In the bus he stayed awake only long enough to determine that Iceland looked like the moon, or maybe Mars. The terrain—he couldn’t call it earth because it seemed to be lava—was red and rippled as if frozen in mid-flow. Deposited at his hotel, he trudged down a clean bare corridor to a clean bare room where a white eiderdown puff occupied his bed. Jonathan got underneath it and slept for twelve hours.

He woke shortly before midnight, hungry and hot. A sulfurous atmosphere pervaded the room, along with a weak but insistent streetlight. Was someone banging on the door? He sat up to sort all this out. None of it was as it seemed: the banging and the sulfur were both emanations of the
radiator. Sulfur springs, he remembered, provided heat to Iceland. He put his hand on the white iron and got a burn and a bang for a reprimand. As for the streetlight, it was everybody’s favorite northern fantasy, the midnight sun. A tired-looking item, it perched above a corrugated tin roof across the street, pale pink, flat, smaller than a moon.

Food, he decided—although he also wanted, with equal fervor, a shower, clean clothes, darkness, and the rustling of leaves at night in warm, moist Cambridge.

Nobody was at the front desk. A teenager was sleeping in a chair beside the hotel entrance, though, so Jonathan approached him and coughed. He didn’t wake. “Ahem,” said Jonathan. “Hey.” He touched the boy’s arm.

“Rrrrn,”
said the boy. Then he said some irritated things in Icelandic, which Jonathan hadn’t learned because it had been difficult enough to learn Faroese. But the gist was clear.

“Food.” Jonathan pointed to his mouth. “Hungry.” He tried the Faroese word for hungry, and the boy laughed.

“No, no, no,” he said. “English? You English?” Then: “No eating now here.”

“But I must.”

“I brother he fishing in Liverpool.”

Jonathan nodded. “Bread,” he said, chewing his finger. He ran through his entire repertoire of food in Faroese: potatoes, soup, cheese, fish, and meat. Fruit and vegetables were not available there.

“I Lars. I brother he fishing in Newfoundland.”

“You said Liverpool.”

“I Lars.”

“Johan.” This was Jonathan’s first opportunity to use his new name.

“Johan.” Lars put out his clean Icelandic hand. “Be.” He indicated the floor a few times with his forefinger, and Jonathan decided he was being told to wait. Lars went away, behind the front desk. For the few minutes he was gone,
Jonathan stared out the hotel’s glass door at the lurid light on the street. The shadows of the buildings were long and faint, like the light of the sun. A group of boys about Lars’s age tumbled into view around a corner, drunk, silent with concentration on staying upright, all with their eyes closed. They were wearing Nike running shoes. Jonathan thought of the stories he’d heard around the anthropology department of Bushmen in Bermuda shorts, Sarawak chieftains with transistors pressed to their bone-bedecked ears; Nikes on white men were less jarring, maybe, but still he felt cheated.
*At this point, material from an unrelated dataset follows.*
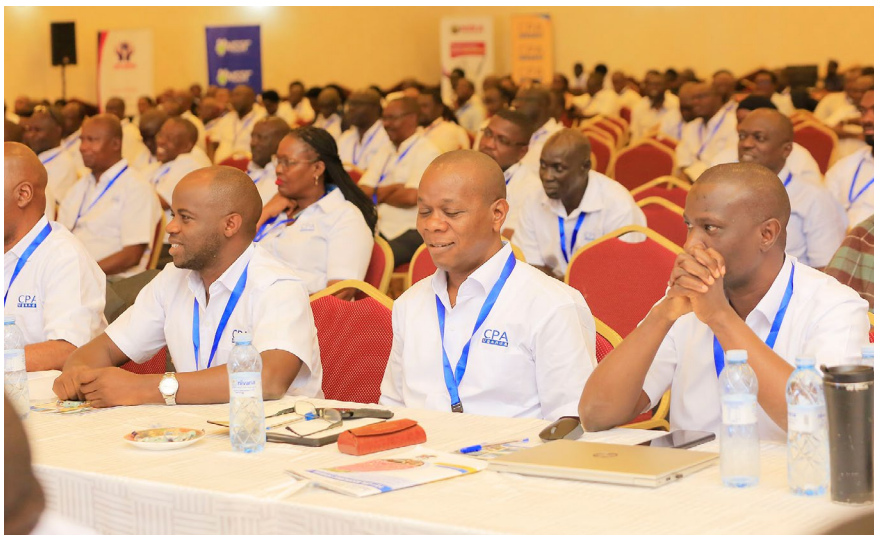
Some of the participants donning ICPAU Branded shirts and blouses at the 12 th CPA Economic Forum.

Lars came back with his hands full: a beer, half a loaf of bread, a hunk of cheese, a pyramidal cardboard container. He shook this last in front of Jonathan’s nose and said, “Excellent.”

“Hvat?”
What? But why ask, as the answer would be incomprehensible. It was.

“Skyr.”
Lars summoned from his depths an English equivalent: “Yaaoort.” He tugged rhythmically on an invisible object. Jonathan’s mouth was full of saliva. He grabbed the bread. Lars held on to the beer and resumed his seat by the door.

Jonathan alternated bites of bread with bites of cheese. He didn’t understand how to open the “excellent” container, so left it alone. Lars gurgled his beer slowly. The sunlight changed color, taking on a twilight blueness that comforted Jonathan because it reminded him of the earth, whereas the true midnight sun had been extraterrestrial in aspect. Lars opened the container for him by revealing a little hole hidden under a tab near one of the points. It was yogurt—a delicate, sweet yogurt as different from American yogurt as the Icelandic sun was from the sun that shone on Boston. Jonathan leaned against the wall drinking yogurt, entirely happy.